WHAT YOU WILL DO: Copy out exactly the lines spanning the line with "This darkly humourous" to the line with "Protesters met the", inclusive, from the data underneath, with no pictures.

DATA FOR THIS TASK:
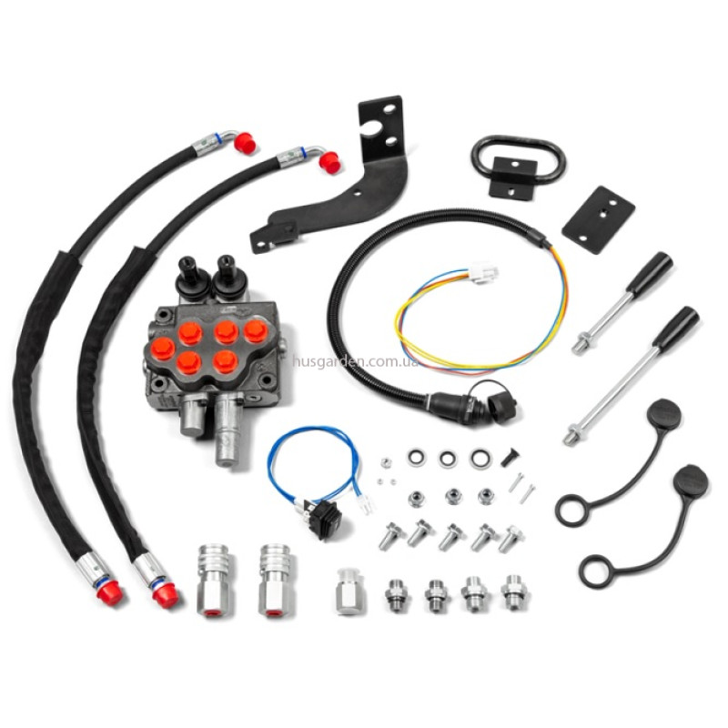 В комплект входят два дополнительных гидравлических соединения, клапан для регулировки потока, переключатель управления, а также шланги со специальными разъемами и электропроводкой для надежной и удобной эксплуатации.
...
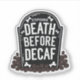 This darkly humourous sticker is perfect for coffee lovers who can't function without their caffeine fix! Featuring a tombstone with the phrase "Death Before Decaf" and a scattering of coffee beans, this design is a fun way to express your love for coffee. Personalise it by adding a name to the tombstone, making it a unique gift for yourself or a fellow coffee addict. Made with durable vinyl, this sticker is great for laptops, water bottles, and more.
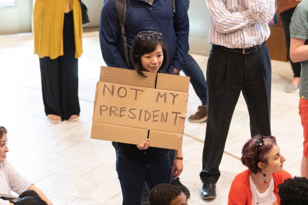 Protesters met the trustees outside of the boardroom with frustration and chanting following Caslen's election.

ANSWER TO THIS EXERCISE:
 This darkly humourous sticker is perfect for coffee lovers who can't function without their caffeine fix! Featuring a tombstone with the phrase "Death Before Decaf" and a scattering of coffee beans, this design is a fun way to express your love for coffee. Personalise it by adding a name to the tombstone, making it a unique gift for yourself or a fellow coffee addict. Made with durable vinyl, this sticker is great for laptops, water bottles, and more.
 Protesters met the trustees outside of the boardroom with frustration and chanting following Caslen's election.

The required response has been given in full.